Sprawa dla Trybunału
Prezydent podkreślił, że zdaje sobie sprawę z kontrowersji wokół przegłosowanych w ostatniej chwili senackich poprawek, dlatego zdecydował się na ich skierowanie w trybie następczym do rozpatrzenia przez Trybunał Konstytucyjny. - Jako prezydent nie miałem prawa zawetować tylko części ustawy - mówił Komorowski. Prezydenckie weto, zdaniem głowy państwa, byłoby "wysadzeniem" dobrej ustawy.

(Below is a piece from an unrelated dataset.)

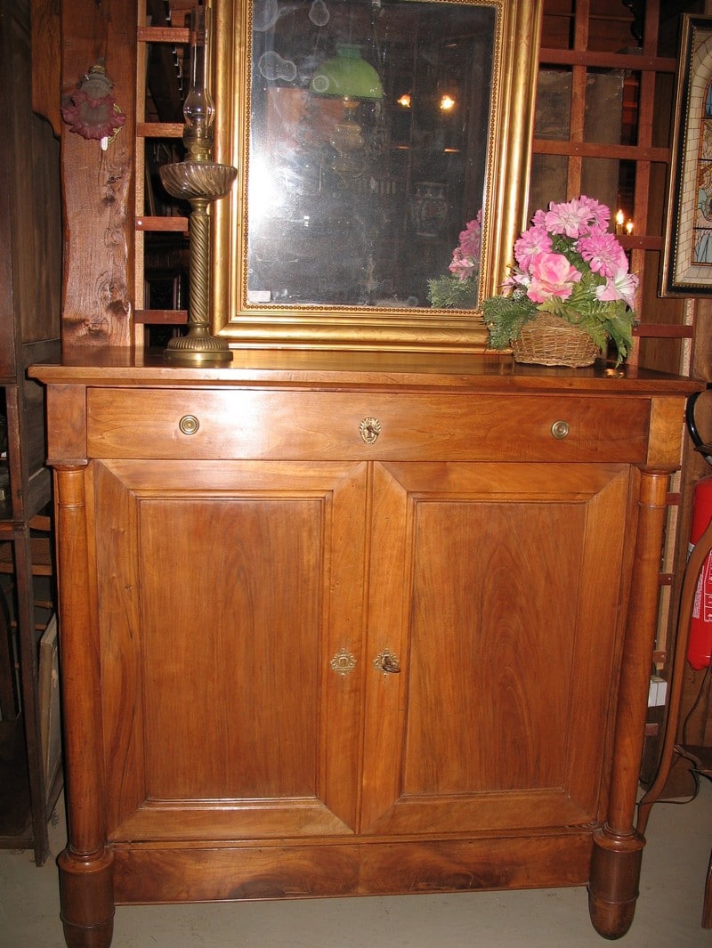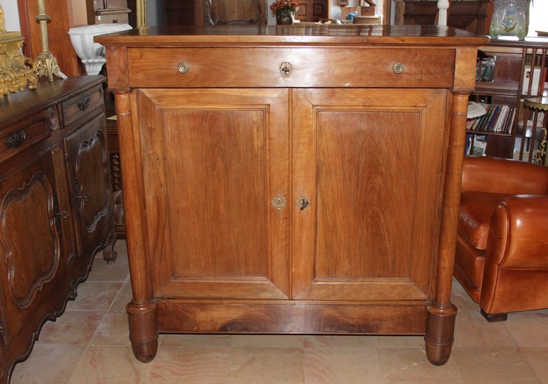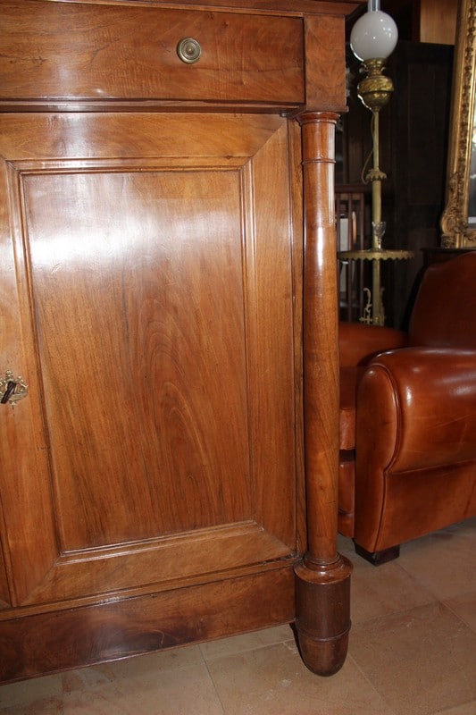 Buffet haut d’appui Empire en Noyer à colonnes détachées ouvrant par 2 portes et 1 grand tiroir.

"Wrzutka na ostatnią chwilę"
Jednocześnie prezydent skrytykował sposób w jaki nowelizacja ustawy została przegłosowana. -To była klasyczna "wrzutka" na ostatnią chwilę, która przeniosła odpowiedzialność za zapis na głowę państwa - mówił Komorowski. Prezydent podkreślił, że zamierza walczyć z taką formą uchwalania zapisów.
Kontrowersyjny zapis
Nowelizację ustawy o dostępie do informacji publicznej uchwalono dwa tygodnie temu, na finiszu prac legislacyjnych. Przyjęte przez Sejm poprawki zaproponowane przez Senat umożliwiają ograniczenie prawa do informacji ze względu na "ochronę ważnego interesu gospodarczego państwa". Zmiana w ustawie nie była wymuszona dyrektywami unijnymi. Przyjęcie poprawek w ostatniej chwili, jak i ich treść, wzbudziły wiele kontrowersji. Teraz legalność wprowadzonych zmian, na wniosek prezydenta, zbada Trybunał Konstytucyjny.